Don't hold your breath yote, he has NO answers just accusations. :?


----------



## 10000ft. (Oct 29, 2007)

Pro and Yote,

I am ignorant on facts and numbers when it comes to high dollar tag money and where and how much actually hits the ground. As I'm ignorant to groups like Finn pointed out and what things they have achieved without selling public tags. Neither of you commented on Finns post and I thought for sure you would.


----------



## SteepNDeep (Sep 11, 2007)

You two are real clowns. I didn't say it didn't take money. I said that the statement that having deer takes money is false. Deer don't give a rats about money or the new politics of hunting for tags. They eat, sleep, breed, evade predators, all without money or your help or say so.

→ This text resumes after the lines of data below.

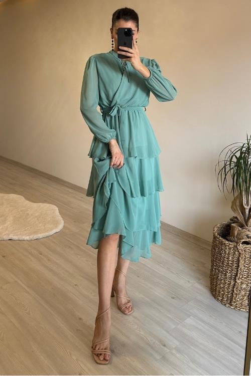 Dipmoda kadın kat kat volanlı kuşaklı midi şifon elbise NM004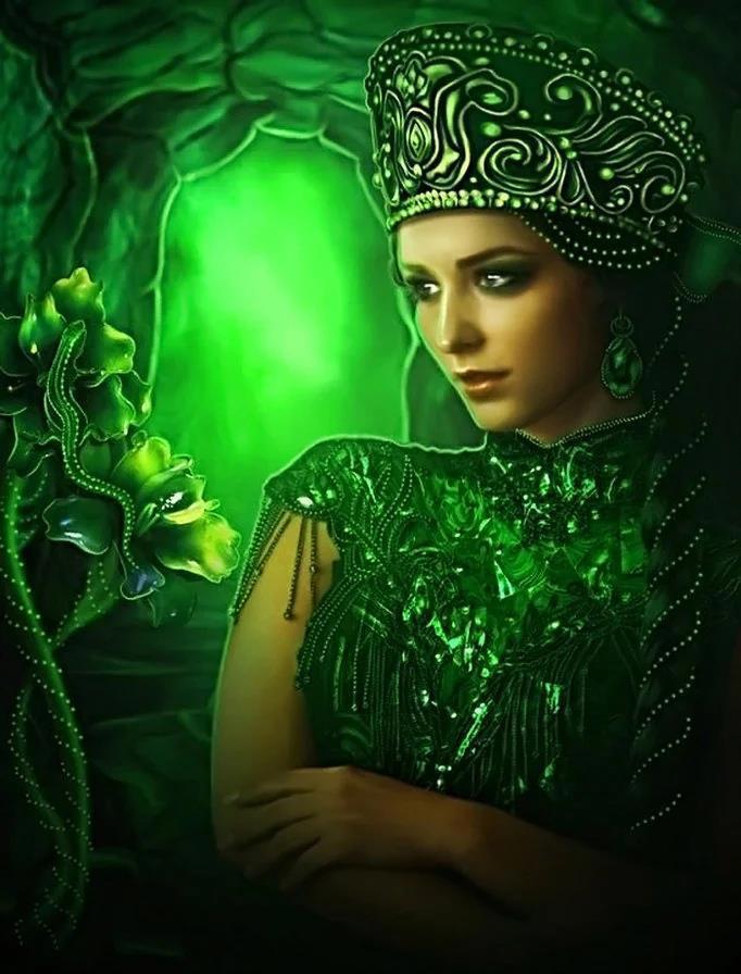 Хозяйка – могущественная и справедливая волшебница, хранительница драгоценных пород и камней. (Автор картины : Ирина Василенко)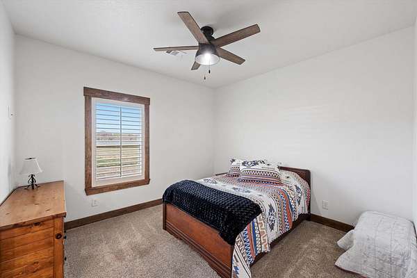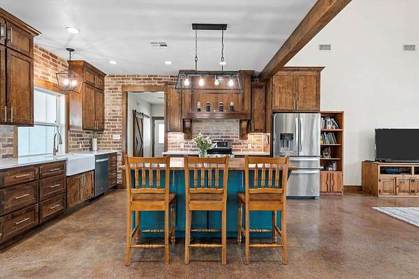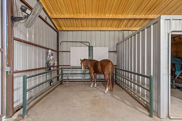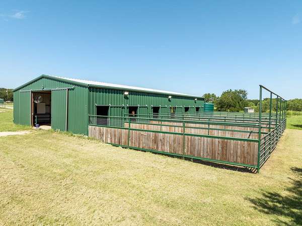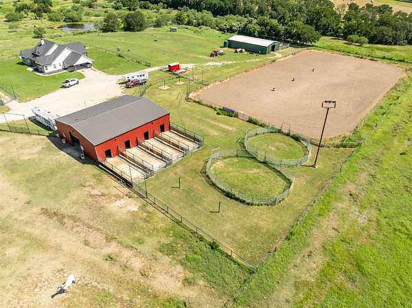 A rare opportunity to acquire a fully developed, turn key equestrian estate on 14.76 fenced acres in Chilton—properties of this caliber & level of infrastructure in place, are seldom available. Just 15 minutes from town, this offering includes a 2,962 SF custom ranch style home, a 3,000 SF red barn with apartment, and a 2,808 SF green barn, totaling 8,770 SF of improvements designed for immediate use. The 5 bedroom, 3.5 bath residence features an open layout, vaulted ceilings, and custom louvered shutters, creating a warm, functional living space that complements the facility. Designed for seamless indoor-outdoor flow, the home supports both daily ranch life and hosting with ease. For equestrian use, the property is fully outfitted and ready to operate from day one. Two barns, six pasturettes, and a 300' x 150' outdoor riding arena create a complete setup for training, boarding, or private use. The green barn (built in 2023) includes six 12' x 12' stalls with lighting, water, fans, and stall-grid flooring, along with a tack room, hay storage, dual 3,000-gallon cisterns, fly spray system, wash bay with on-demand hot water, frost-free hydrants, and dusk-to-dawn lighting. The red barn offers four stalls with extended runs, water access, fans, tack room, fly system, WiFi, and plumbing for hot water, plus a 400 SF apartment with full bath and kitchen; ideal for staff, guests, or on-site management. The acreage is intelligently divided into six pasturettes with shelters and automatic waterers, with a 0.5 acre section connecting to a 4.57 acre pasture. This larger tract offers expansion, well suited for a covered arena, training program, or therapeutic equine use, subject to buyer vision and local considerations. Turn-key equestrian properties with this level of finish, flexibility, and immediate usability are increasingly difficult to find. This is a property that must be experienced in person to fully appreciate its capability and potential.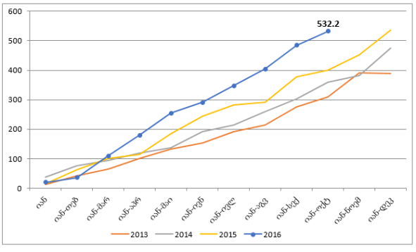 გრაფიკი – კომერციული ბანკების წმინდა მოგება, მლნ ლარებში: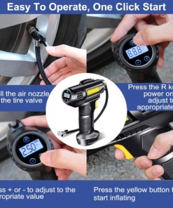 Jednostavno za upotrebu – Naša bežična zračna pumpa automobila pomoću punjivog akumulatora, nije potrebno vanjsko napajanje. Ovaj bežični dizajn olakšava upotrebu i pohranu bilo gdje, a njegova kompaktna veličina omogućuje vam pohranjivanje u ruksake, džepove i konzole automobila. Spremite vam put do benzinske postaje kako biste napuhali gume!
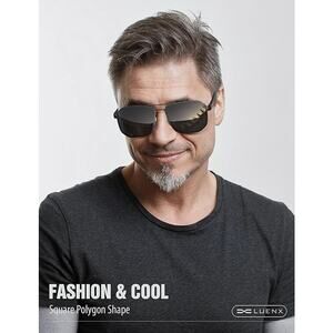 LUENX aviator sunglasses for men, featuring square polarized polygon lenses and UV400 protection. Designed for outdoor and driving use, these 61MM sunglasses reduce glare while enhancing clarity. Comes with accessories for easy storage and care—perfect for daily wear or travel.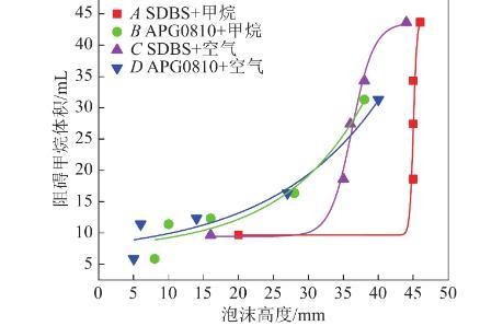 4)泡沫穩(wěn)定性是決定甲烷緩釋效應(yīng)的關(guān)鍵因素,泡沫穩(wěn)定性越強,越能有效控制甲烷流動。可直接采取空氣-表面活性劑泡沫的各項參數(shù)表示泡沫性質(zhì)。陰離子表面活性劑SDBS表現(xiàn)較好,泡沫穩(wěn)定性較強,隨著時間推移,SDBS也有比APG0810更好控制甲烷釋放的效果。質(zhì)量分數(shù)為0.15%時,10 min內(nèi)SDBS可以控制約占總通入甲烷體積87%的甲烷。120 min后仍可控制約占通入總體積49.16%的甲烷。

The management system takes money. That is all that I was saying. There is a big difference as we can affect the way things are managed. You know that better than I do as you are constantly trying to manipulate what used to be wild game management into high opportunity management. You would like us to think that big game money tags are a necessity to the basic process. They aren't.

Coming out of a drought and mild winters - with the exception of last- has had a greater impact than all of your combined big money efforts.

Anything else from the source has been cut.